How To Read Obituaries
Try writing an obituary for a loved one that died. It is an exercise in concise English because space is money in a newspaper. Are there even obituaries online without being a paper printed version first?
Writing the obituary is difficult even if the emotion is absent. You want to remember, to tribute, to make a feel good passage about a life that now ceases to exist. Not just for a day. A week. A month, but forever. It is not easy to cram all the highlights of one's life into a two inch wide column that nobody reads but for loved ones who, ironically, already know it. The publication is like a morbid announcement that a life is gone. Strangers who read it simply say, "wow, they did a lot in life" or "was that it". Then, if person did not accomplish much in life, it reads like a soap opera of the wonderful things or deeds they did or liked.
The obituary is a sign post. It is the last notice of one's life, the last chance to tell the world you did exist. I was here. Loved ones who write them do not need them for they could write a book about their beloved, far better than a brief narrow column of highlights.
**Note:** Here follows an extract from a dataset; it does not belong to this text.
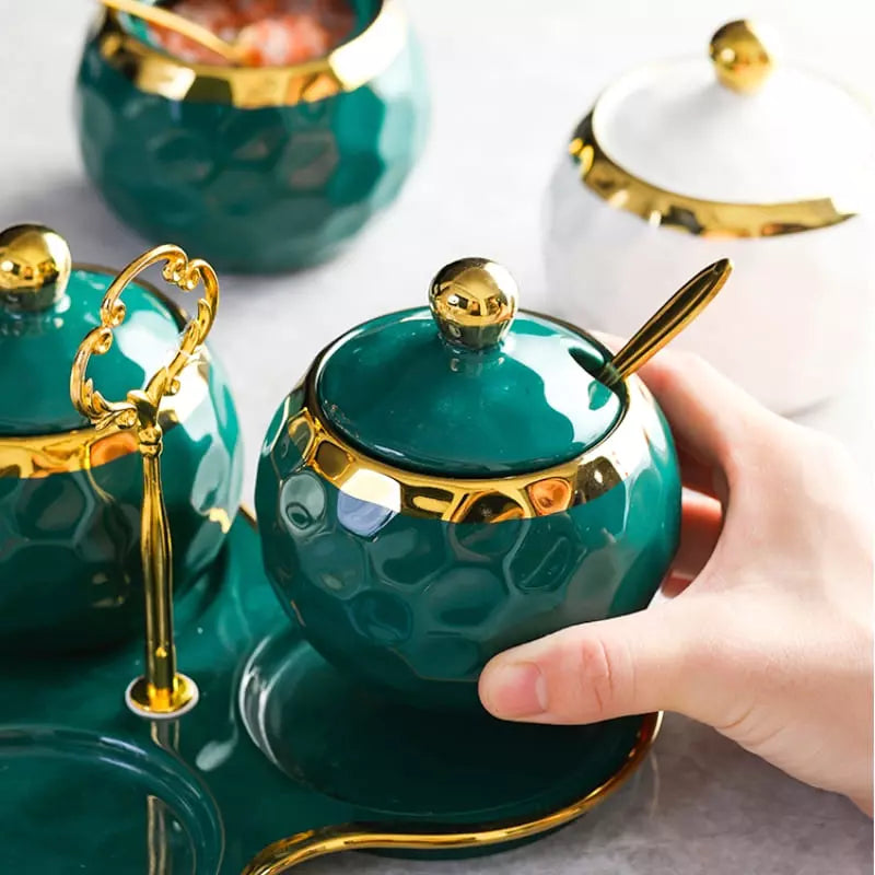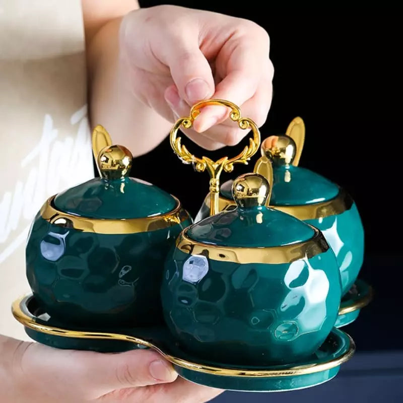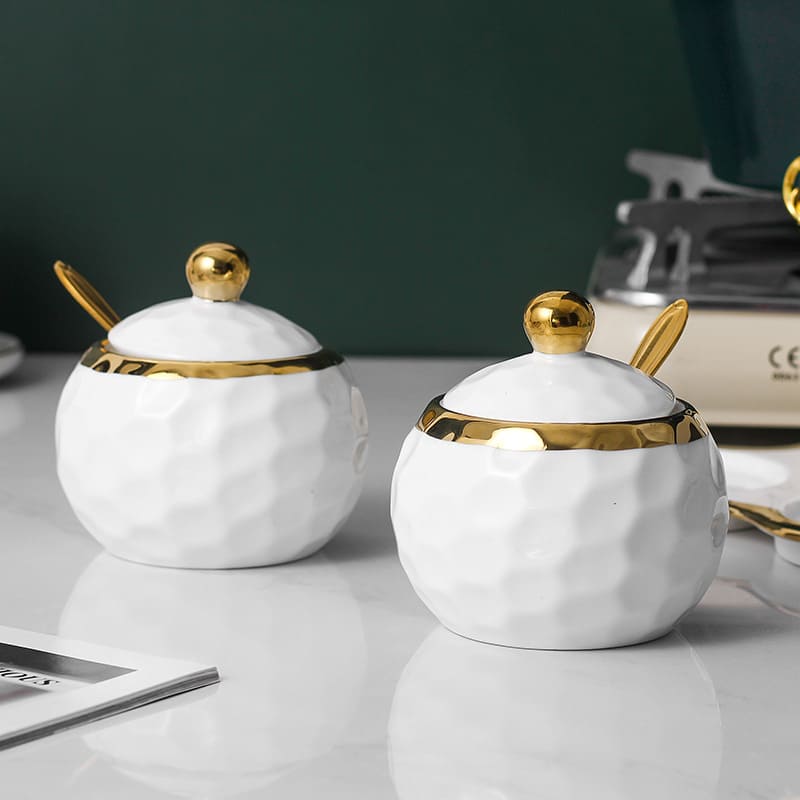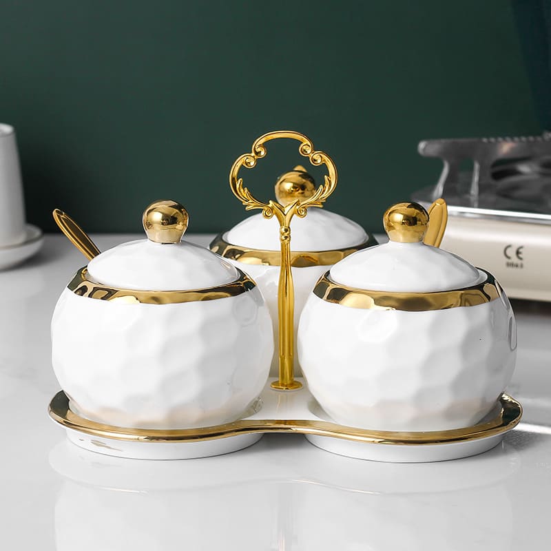 O Conjunto de Potes Cerâmica Kit Açucareiro/Saleiro é um belo armazenador para decorar a sua casa. Conta com 3 potes de cerâmica com tampa e colher que você pode utilizar para grãos, temperos, açúcar e outras especiarias. Decore suas refeições com esse belíssimo kit de cerâmica branco e dourado.

Obituaries for the living are subtle reminders. Reminders of their own life, their own mortality, their own demise that they will not escape no matter how well they diet and exercise. Obituaries are clocks, ticking away as each passing day becomes a year becomes an era. Each time you, the reader, the casual glimpsing reader, notice the deceased birth dates. Not when they died. You may feel comfortable because the current group of dead lives all have birthdays 10 or 30 years from your own. You sigh. Not my time, yet, you think. So, you do not take them seriously or it seriously- death. The end of your existence, forever. It is a hard concept to grasp when you are healthy, virile and young. It happens to old people, not young and definitely not me! So you think.
Yet, obituaries sneak up on your own life. You start to notice. More people around your age seeing death. Geez, you think, this guy is my age or within 5 years of my age and now he's dead. How can this be? He's too young (even though it is age 45). You get uncomfortable, nervous, then you face reality and realise the death could be you now. No one knows when their time is up.
Obituaries are also wake up calls, not only to your mortality but what have you accomplished in life. What remains to be done. But they also serve a sort of futility, in that, in the end, it does not matter how rich, how poor, how educated, how famous you are because you no longer exist.
Nobody escapes having their own obituary.